この措置は、憲法のいくつかの条項を改正する形で可決された。これは全ての与党議員57人の賛成票と、わずか3人の反対票という数で成立し、また、大統領任期を従来の5年から6年に延長し、これまでの憲法で規定されていた決選投票を廃止する内容も含まれている。
公式与党はこの措置を「エルサルバドル国民に権力を取り戻させる方法」として正当化しているが、同月、ブケレ政権の弾圧を告発したためエルサルバドルを離れざるを得なくなった国内最大の人権擁護団体「クリストサル(Fundación Cristosal)」にとっては、この措置こそが中央アメリカ国家の民主主義に対する「とどめの一撃」だとされている。
「昨日起きたことは、民主主義制度への打撃であり、国民に権力を返すのではなく、ブケレ一家に制限なく与えるものだ」と語るのは、クリストサルの事務局長ノア・ブルック(Noah Bullock)だ。
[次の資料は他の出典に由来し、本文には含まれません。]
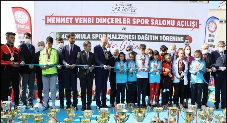 Kurtulmuş, şehrin dört bir yanını spor salonları ve yüzme havuzlarıyla donatan Büyükşehir Belediyesi’nin Spor Toto ile ortaklaşa hareket ederek hizmete açtığı Mehmet Vehbi Dinçerler Spor Salonu için düzenlenen resmi açılış törenine katıldı. Törende Kurtulmuş, Gaziantep genelinde bulunan 400 okula dağıtılacak spor malzemeleri için 2,5 milyonluk temsili çeki GBB Başkanı Fatma Şahin, Gaziantep Valisi Davut Gül ve İl Milli Eğitim Müdürü Yasin Tepe’ye takdim etti. Açılış konuşmalarının ardından protokol, tesisi gezdi.
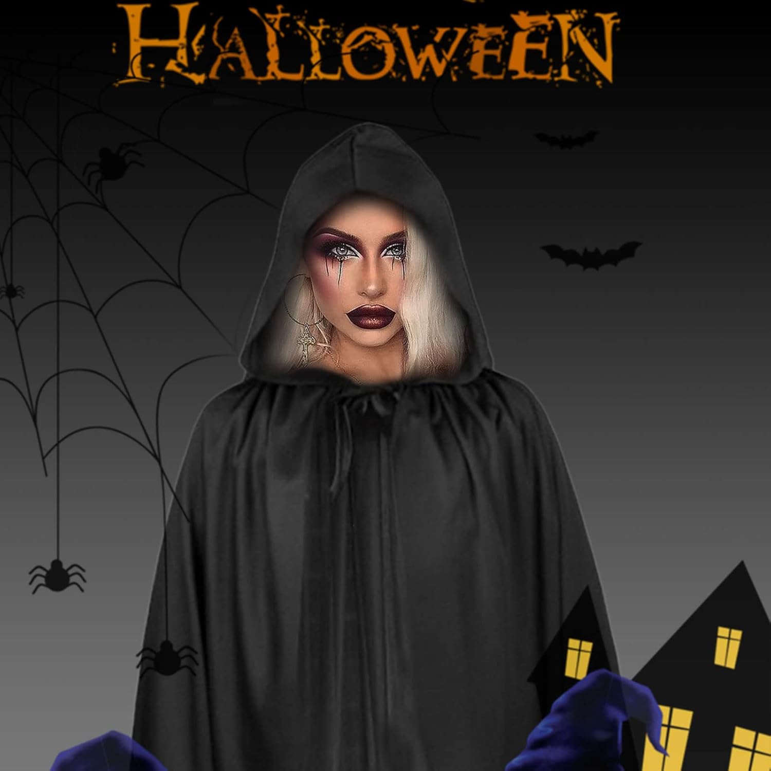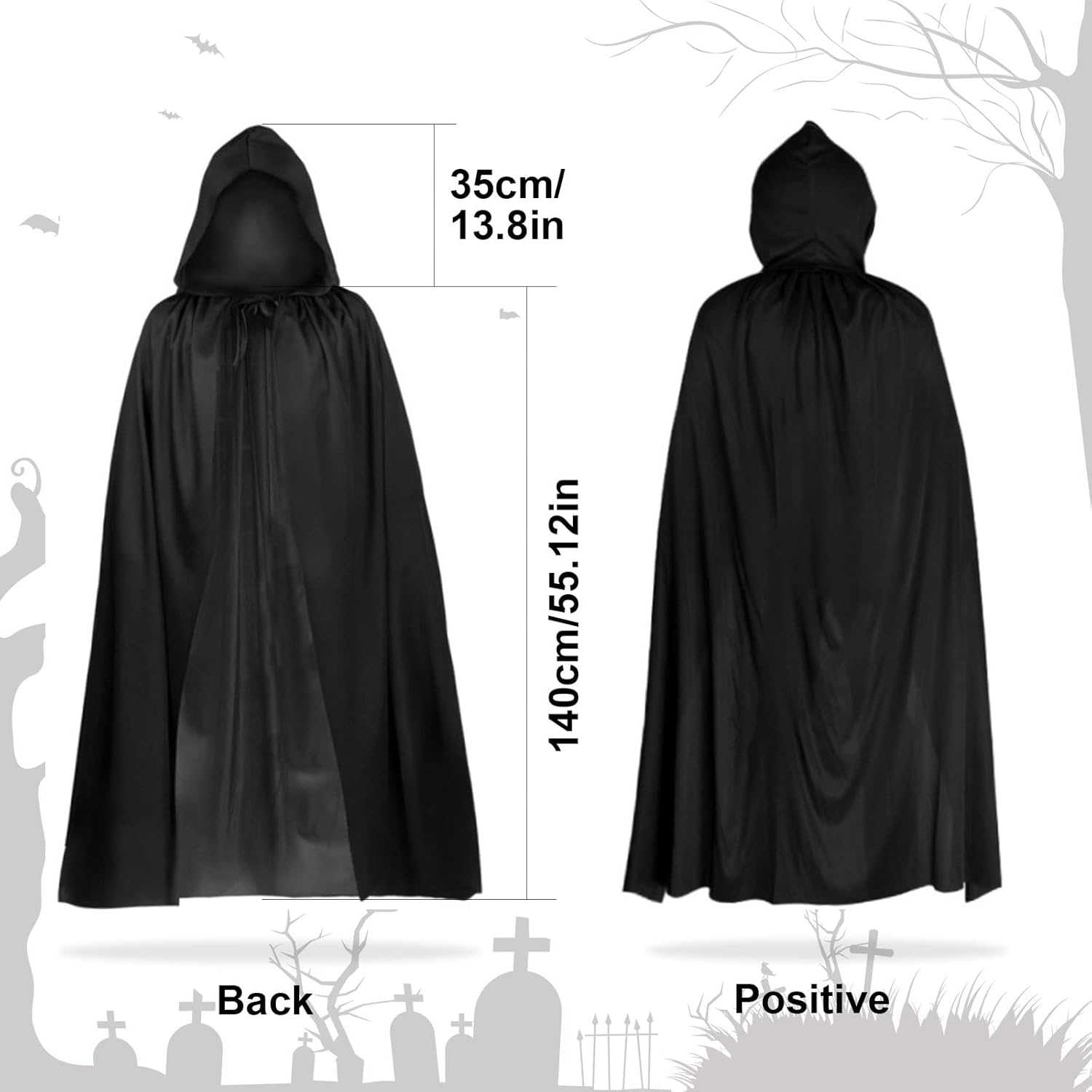 La confezione include: la confezione include un mantello nero. La dimensione del mantello è di circa 140 cm di lunghezza. Questo elegante mantello nero con cappuccio è adatto per la maggior parte degli uomini e delle donne, può essere facilmente abbinato con abiti e lo adorerai! Materiale premium: classico mantello con cappuccio per accessori per costumi di Halloween. Questo mantello nero con cappuccio è tessuto a maglia di alta qualità, comodo e morbido da indossare, non facile da rompere, delicato sulla pelle, traspirante, caldo ed elastico. Facilità d'uso: fissare il mantello, basta legarlo al collo per essere sicuro sulle spalle. Facile da indossare in casa o per tutto il tempo necessario al tuo personaggio. Ti darà la migliore esperienza confortevole ed è un ottimo modo per rendere la tua festa piena di divertimento e impressionare i tuoi ospiti. Attraente: quando indossi questo mantello entrerai rapidamente nel tuo personaggio, questo mantello nero con cappuccio è un must per occasioni come Halloween, sia che lo indossi sopra i tuoi vestiti ordinari, vorresti appenderlo come parte delle tue decorazioni di Halloween o indossarlo come una dichiarazione di moda. Multiuso: questo mantello nero è ideale per qualsiasi gotico, Halloween, feste in maschera, vampiro, strega, feste in costume, feste a tema horror e altre occasioni. Vestirsi darà vita ai tuoi personaggi della festa e aggiungerà mistero alla festa. E crea alcuni ricordi incredibili con la famiglia e gli amici.

彼にとって、無制限再選は「人権擁護者やジャーナリストを亡命に追いやってきた、組織的弾圧の過程の最高潮」だという。「独裁者のマニュアルに従い、その状況を利用して権力に居座ろうとしている」と断言している。
この措置は、木曜の夜にエルサルバドルの市民団体「アクション・シウダダナ(Acción Ciudadana)」によっても即座に非難された。同団体は声明で、公的資金を節約するという公式説明にも反対の意を表明。「この改正により、権力交代のメカニズムとしての選挙の道はほぼ閉ざされた」と嘆いた。「この改革によって、エルサルバドルは少なくとも14年間連続して一人の人物が大統領職を務めることになる。ブケレ主義に掌握された国家機関による憲法改正が行われる以前は、最大で5年が限度だった」と述べている。
トランプとの自由な道筋
アクション・シウダダナは、エルサルバドルがベネズエラやニカラグアのような道を歩んでいることを指摘している。HRWのフアン・パピエルもまた、ブケレ大統領がエルサルバドルで政権を握って以来、急速に権力が集中し、すべての公的機関が掌握される様子が見られると述べた。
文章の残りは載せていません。